Laurel S. Terry (The Pennsylvania State University Dickinson School of Law) has posted U.S. Legal Profession Efforts to Combat Money Laundering and Terrorist Financing (59 New York Law School Law Review 487 (2015)) on SSRN. Here is the abstract:
This article was prepared for the Symposium on Combating Money Laundering and Terrorist Financing, which was the first academic symposium of its kind, and included speakers from the U.S. Department of the Treasury, the FDIC, and the IRS. It focuses on the legal profession and explains how the US has implemented the FATF Recommendations that address the role that "gatekeepers," including lawyers, can serve to combat money laundering and terrorist financing.

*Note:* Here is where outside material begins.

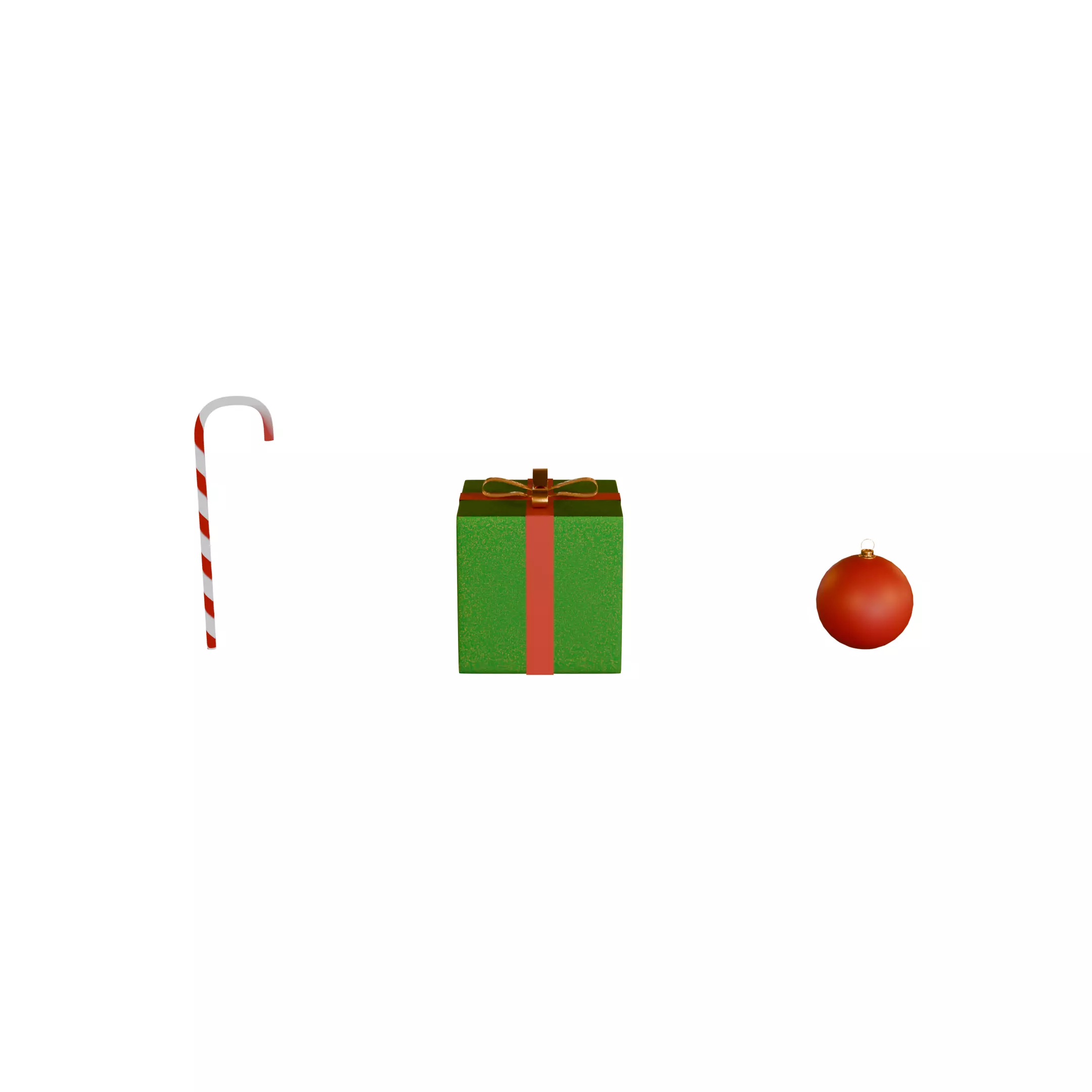 Christmas Ornament Ball: Simple yet elegant. Candy Cane: A timeless holiday treat. Gift Box with Bow: Perfect for enhancing any festive environment.

After setting forth introductory material about the intergovernmental organization called the Financial Action task Force or FATF, the FATF Recommendations, and the degree to which the FATF Recommendations have influenced lawyer regulation in other countries, this article examines the manner in which the U.S. government and the legal profession have implemented the FATF Recommendations. The article explains that U.S. lawyers are subject to both criminal and disciplinary sanctions for knowingly engaging in money laundering or terrorist financing or assisting clients involved in such activities. The US actively enforces these provisions and US lawyers have been criminally prosecuted, convicted, and disbarred for assisting clients in money laundering.

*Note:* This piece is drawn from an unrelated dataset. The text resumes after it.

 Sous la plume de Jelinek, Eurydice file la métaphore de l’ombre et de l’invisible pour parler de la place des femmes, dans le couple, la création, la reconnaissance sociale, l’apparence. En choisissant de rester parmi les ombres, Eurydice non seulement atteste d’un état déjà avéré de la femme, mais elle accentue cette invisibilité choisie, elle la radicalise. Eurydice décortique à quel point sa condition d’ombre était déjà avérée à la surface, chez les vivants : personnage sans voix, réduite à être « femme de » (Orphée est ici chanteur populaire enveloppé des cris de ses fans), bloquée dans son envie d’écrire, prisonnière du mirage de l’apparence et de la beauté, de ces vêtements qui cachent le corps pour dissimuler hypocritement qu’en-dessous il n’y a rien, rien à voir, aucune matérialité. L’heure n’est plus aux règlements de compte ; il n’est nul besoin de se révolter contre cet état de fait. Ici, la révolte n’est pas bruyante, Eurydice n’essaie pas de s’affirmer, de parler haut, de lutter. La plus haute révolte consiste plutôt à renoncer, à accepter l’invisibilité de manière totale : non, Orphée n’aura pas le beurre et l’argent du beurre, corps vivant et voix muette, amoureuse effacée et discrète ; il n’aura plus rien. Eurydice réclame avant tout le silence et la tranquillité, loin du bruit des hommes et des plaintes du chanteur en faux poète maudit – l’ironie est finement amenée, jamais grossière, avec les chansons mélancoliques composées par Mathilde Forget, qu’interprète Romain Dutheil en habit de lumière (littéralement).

Thomas K. Clancy (University of Mississippi School of Law) has posted Fourth Amendment Satisfaction -- The 'Reasonableness' of Digital Searches on SSRN. Here is the abstract:
The Fourth Amendment regulates – at least in part – the search and seizure of such evidence. This article discusses the Supreme Court’s only major decision in this area, Riley v. California, 134 S. Ct. 2473 (2014), and its impact on the evolution of the judicial treatment of Fourth Amendment satisfaction issues regarding governmental efforts to obtain digital evidence. Prior to Riley, the Supreme Court provided virtually no guidance and there was a fundamental split in the lower courts on how to treat governmental acquisition of digital evidence. Two principal approaches emerged. One view asserts that a computer – or any digital device – is a form of a container and that the data in electronic storage in that device are mere forms of documents. A second view maintains that searches for data require a "special approach," which supports new Fourth Amendment rules to regulate searches and seizures of digital evidence. Underlying that approach, in large part, is a concern for broad searches akin to general searches and unfettered application of the plain view doctrine. In my view, the proper view is that data searches are governed by the same Fourth Amendment rules regulating containers and document searches. However, what the prevalence of the acquisition of digital evidence teaches us is that some of those traditional rules need to be rethought and modified – yet, they still regulate all searches and seizures. The Court’s decision in Riley is here used to illustrate that view within the context of searches incident to arrest.